Let us play the game described by Vince. If there was no risk, i.e. we knew the result of each trade beforehand, it would make sense to bet all the capital each time. So every player would have gained $1000 ..(1.2 ^100)=$82,817,974,522.01 .
In reality, if we bet all $1000 on the first trade, we have a 40% risk to lose all at the first attempt. Even if we win and have $2000, betting all on the next trade would be exactly as insane.
Now suppose we bet $200 at a time. So if five first trades are losing, we again lose all. The probability of such an event is small, just over 1%. But are we ready for such a "small" risk, if we can lose all the money?

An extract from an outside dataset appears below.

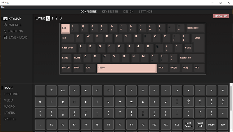 Ahora que he dado el salto a los teclados custom un nuevo mundo de configuración se abre ante mí. La placa base que utiliza mi teclado, la HS60 de Mechboards, permite configuración a través de QMK configurator y VIA. Dos formas de configurar absolutamente todo lo del teclado, no solo iluminación y macros, si no lo que hace cada tecla y la posibilidad de crear distintos mapas de teclas.
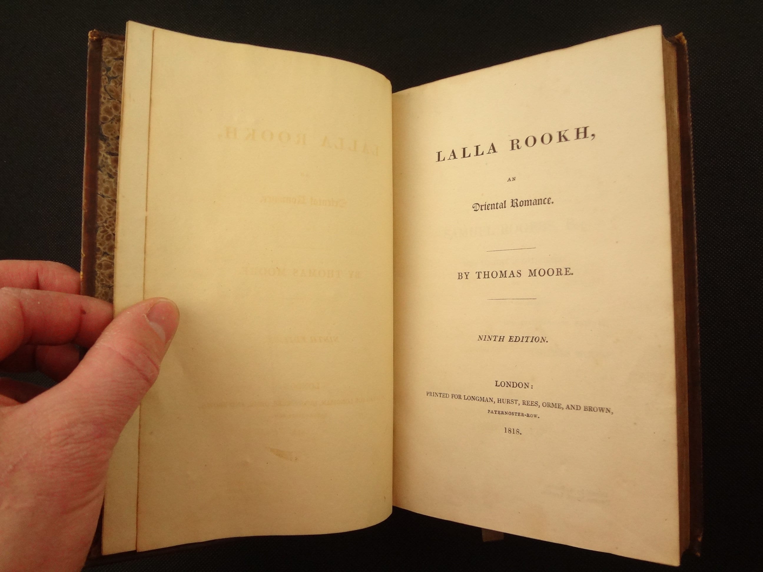 A handsomely bound 1818 printing of Thomas Moore's classic work Lalla Rookh! This spine is beautiful on the book shelf!

Suppose we lose in the first two trades (16% probability), so we'd lose 40% of the capital. Beginning from the next trade we must gather 67% of profit just ot restore the starting capital. This effect is called "asymmetric leverage"5.
Table 2 shows that loses of over 50% need improbably large profits just to recover; so if we risk relatively large sums and lose our chances to end up wit a profit are negligible.